* [What is required] Your job is to print, exactly, the lines in the data below from the line with "為豐富留深過年市民新春文化生" through the line with "Kök: ljust trivsamt", both included, and to omit any picture.

* [Data]

###

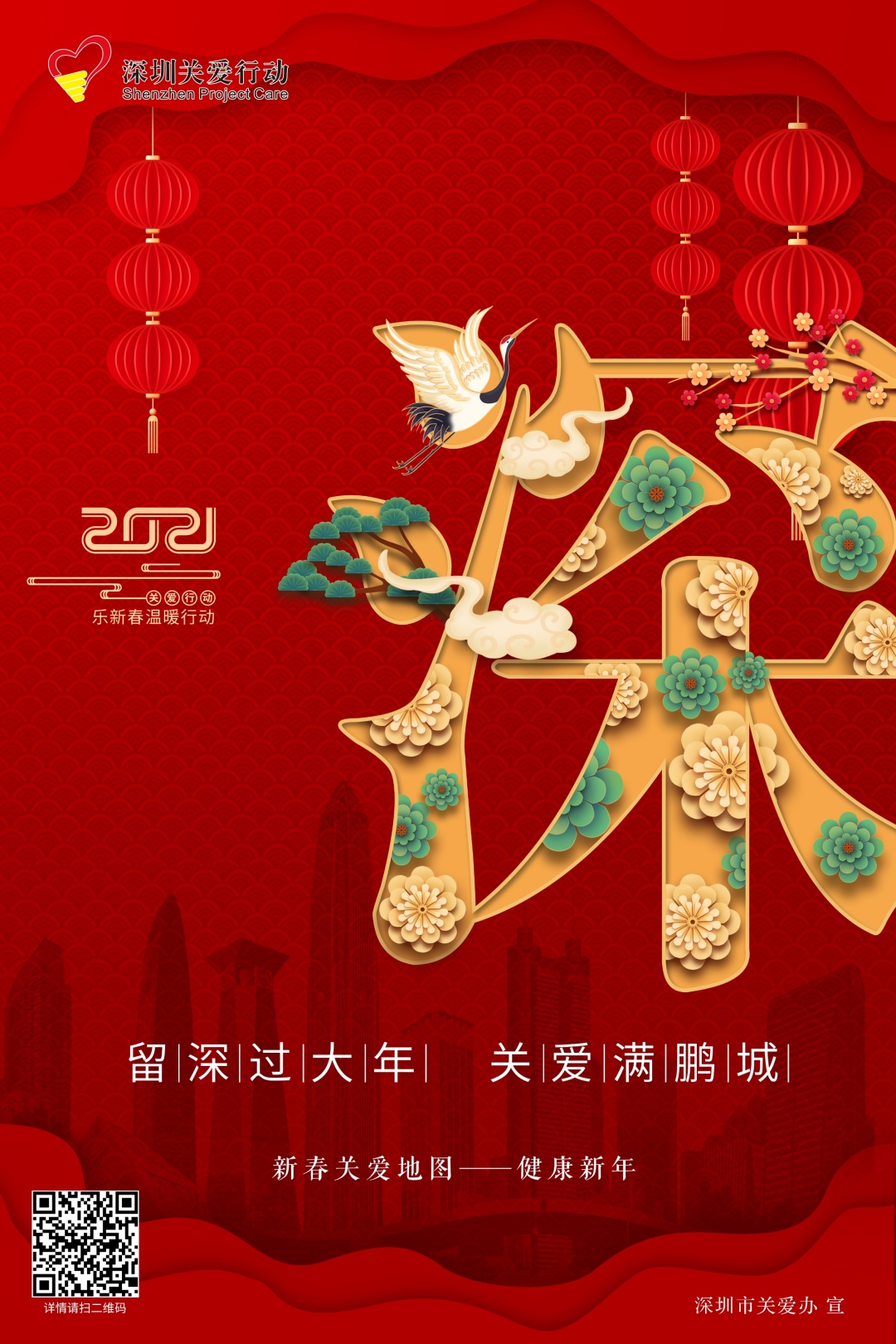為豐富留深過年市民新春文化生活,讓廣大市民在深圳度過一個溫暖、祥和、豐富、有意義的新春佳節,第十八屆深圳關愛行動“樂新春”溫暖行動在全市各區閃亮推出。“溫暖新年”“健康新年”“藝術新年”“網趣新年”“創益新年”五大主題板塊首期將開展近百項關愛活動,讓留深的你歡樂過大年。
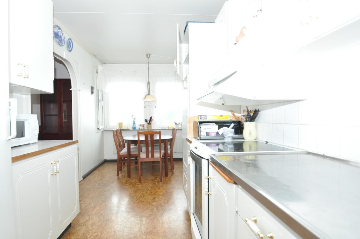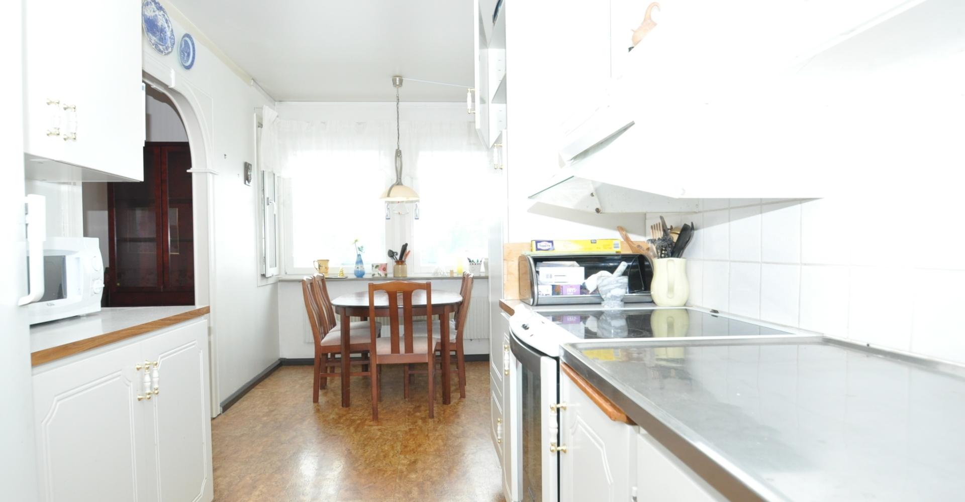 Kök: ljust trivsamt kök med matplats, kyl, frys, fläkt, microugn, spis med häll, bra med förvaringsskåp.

###

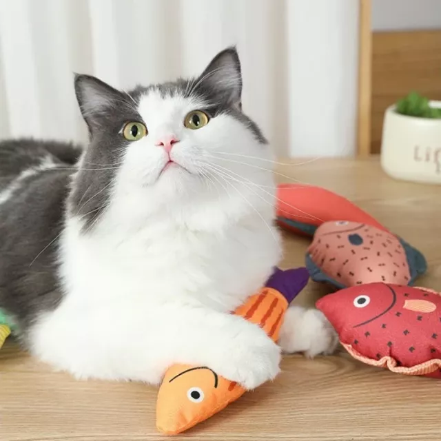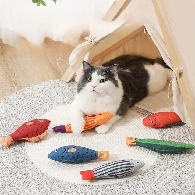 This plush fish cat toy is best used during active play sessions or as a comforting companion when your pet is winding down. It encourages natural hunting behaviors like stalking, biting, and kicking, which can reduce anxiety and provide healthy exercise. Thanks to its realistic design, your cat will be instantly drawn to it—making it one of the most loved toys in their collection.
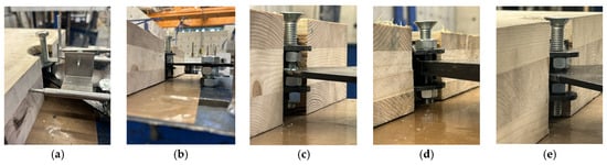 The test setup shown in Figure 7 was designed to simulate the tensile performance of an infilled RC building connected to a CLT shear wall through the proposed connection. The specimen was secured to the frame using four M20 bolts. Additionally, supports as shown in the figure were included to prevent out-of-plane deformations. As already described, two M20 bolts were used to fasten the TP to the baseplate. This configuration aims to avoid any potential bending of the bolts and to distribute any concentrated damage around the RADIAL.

###

* [Response box]
為豐富留深過年市民新春文化生活,讓廣大市民在深圳度過一個溫暖、祥和、豐富、有意義的新春佳節,第十八屆深圳關愛行動“樂新春”溫暖行動在全市各區閃亮推出。“溫暖新年”“健康新年”“藝術新年”“網趣新年”“創益新年”五大主題板塊首期將開展近百項關愛活動,讓留深的你歡樂過大年。
 Kök: ljust trivsamt kök med matplats, kyl, frys, fläkt, microugn, spis med häll, bra med förvaringsskåp.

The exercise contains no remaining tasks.